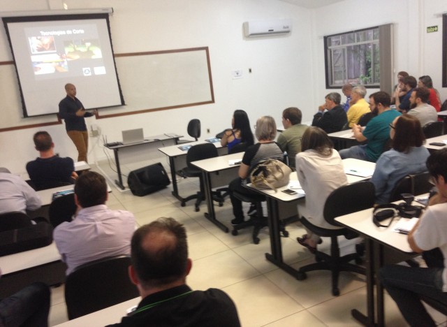 O técnico operacional em máquinas de corte da Comelz, William Souza, foi o segundo palestrante, falando sobre “A tecnologia no setor de corte e a evolução de seu produto”. Ele apresentou o sistema de corte digitalizado que vem sendo implantado em todo o Brasil, lembrando que “o mundo mudou, a moda mudou e com isto os prazos também”, enfatizando o ganho de tempo e a redução de custos como os principais benefícios do sistema, que tem ainda um componente adicional que é a redução da necessidade de mão-de-obra no setor de corte. A automação do corte pode resultar em ganhos que vão de 3% a 7% no uso de matéria-prima couro, e em níveis que vão de 9% a 16% no corte de materiais têxteis e sintéticos, segundo o palestrante. Sem contar a possibilidade de correções imediatas na produção, o que resulta em ganho de tempo. De acordo com William Souza, “empresas que dominam e acompanham moda precisam cada vez mais de sistema que automatizem sua produção”.
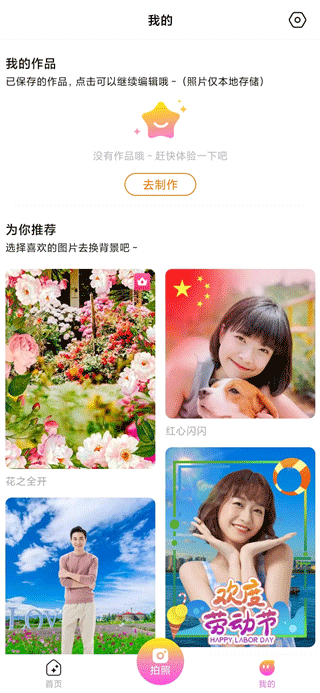 2、我们看到这里有着非常多来自于其他用户分享的作品,我们可以进入查看,你也可以选择各种素材进行拍照
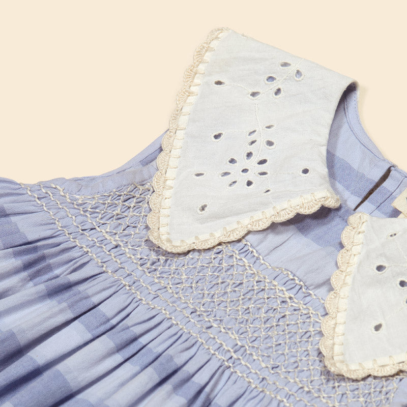 The beautiful Apolina Cornelia smock dress is crafted from ‘Summerhouse Stripe’ cotton, with hand smocking at chest. It features a gorgeous, oversized statement collar in broderie anglaise with scallop crochet trim. There is keyhole fastening at back.
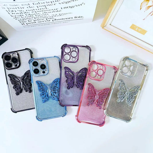 For iPhone 15 Electroplated Glitter 3D Butterfly Four-corner Shockproof TPU Phone Case(Gradient Blue)
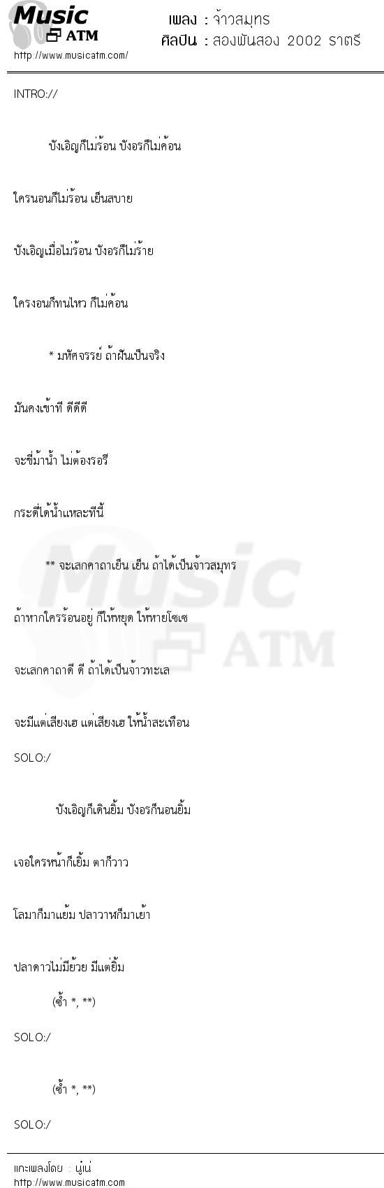 นอกจากหัวข้อ จ้าวสมุทร แล้วคุณสามารถดูเนื้อเพลงเพิ่มเติมได้ที่นี่: Lyrics.

DESCRIPTION OF THE TASK
Could you transcribe all of the data exactly, keeping every picture out of the copy?

SOLUTION TO THE PROBLEM
 O técnico operacional em máquinas de corte da Comelz, William Souza, foi o segundo palestrante, falando sobre “A tecnologia no setor de corte e a evolução de seu produto”. Ele apresentou o sistema de corte digitalizado que vem sendo implantado em todo o Brasil, lembrando que “o mundo mudou, a moda mudou e com isto os prazos também”, enfatizando o ganho de tempo e a redução de custos como os principais benefícios do sistema, que tem ainda um componente adicional que é a redução da necessidade de mão-de-obra no setor de corte. A automação do corte pode resultar em ganhos que vão de 3% a 7% no uso de matéria-prima couro, e em níveis que vão de 9% a 16% no corte de materiais têxteis e sintéticos, segundo o palestrante. Sem contar a possibilidade de correções imediatas na produção, o que resulta em ganho de tempo. De acordo com William Souza, “empresas que dominam e acompanham moda precisam cada vez mais de sistema que automatizem sua produção”.
 2、我们看到这里有着非常多来自于其他用户分享的作品,我们可以进入查看,你也可以选择各种素材进行拍照
 The beautiful Apolina Cornelia smock dress is crafted from ‘Summerhouse Stripe’ cotton, with hand smocking at chest. It features a gorgeous, oversized statement collar in broderie anglaise with scallop crochet trim. There is keyhole fastening at back.
 For iPhone 15 Electroplated Glitter 3D Butterfly Four-corner Shockproof TPU Phone Case(Gradient Blue)
 นอกจากหัวข้อ จ้าวสมุทร แล้วคุณสามารถดูเนื้อเพลงเพิ่มเติมได้ที่นี่: Lyrics.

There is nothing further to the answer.